En su lúcida columna del sábado pasado, Rafael Spregelburd comparaba la versión ficcional que circula en Internet del interrogatorio al que fue sometido Ignazio Lula Da Silva con la estructura de los parlamentos en el teatro de Pinter, o Beckett, o...
Por lo que sabemos, el juez Sérgio Moro cometió la torpeza de señalarle al acusado que “minha convicção foi que o senhor é culpado”.
Al hacerlo, retrotrajo la relación entre verdad y formas jurídicas a los tiempos previos a la Democracia griega. Sabido es (lo demostró Foucault) que en la vieja y arcaica práctica de la prueba de la verdad, ésta no se establecía judicialmente por medio de una comprobación, un testigo o una indagación, sino por un juego de desafíos. Uno lanza un desafío, el otro debe aceptar el riesgo o renunciar a él.

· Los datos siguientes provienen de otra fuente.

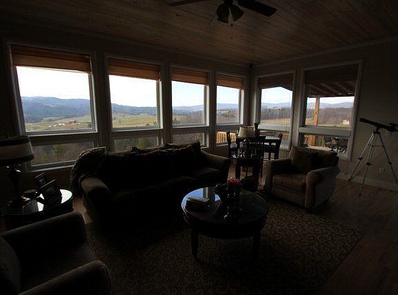 This 3 bed, 2 & 1/2 bath home has views, views, views from every room in the house. Large windows throughout with a spacious open floor plan. Large partially covered deck to take advantage of the ultimate in stargazing. Hot tub strategically placed on deck. House also features 2x6 exterior framing, extra insulation, gas logs, hardwood floors, custom cabinetry in kitchen, attached garage, sound system (speakers throughout house), large master bedroom w/ balcony and a metal roof. Some furnishings are available.The 15 acre parcel features views into the Elk Creek Valley and Jefferson National Forest. Mostly open. Property also has a large 24 x 48 metal building and fenced areas for livestock. Almost new Kubota 4 wheel drive tractor with bushhog and other implements also available.This property is located in close proximity to all of the recreational opportunities Grayson County has to offer. Not far from the New River, Grayson Highlands Park, Jefferson National Forest, horse trails, hiking and biking and trout fishing.

El descubrimiento final de la verdad quedaba, de ese modo, en manos de los dioses y sería Zeus, castigando el falso juramento, si fuese el caso, quien manifestaría con su rayo la verdad.
Después las cosas cambiaron y la verdad comenzó a construirse no sobre la base de juramentos, maldiciones y convicciones sino de testimonios y pruebas sensibles.
Tal vez no convenga ir tan lejos y nos baste remitirnos a Franz Kafka, a quien se le fue la vida en describir el funcionamiento monstruoso de la Ley. En su relato “En la colonia penitenciaria”, le hace decir al Oficial que ejecuta las sentencias: “Mi principio fundamental es éste: la culpa es siempre indudable”.
En convicciones así de férreas se apoyó el fascismo.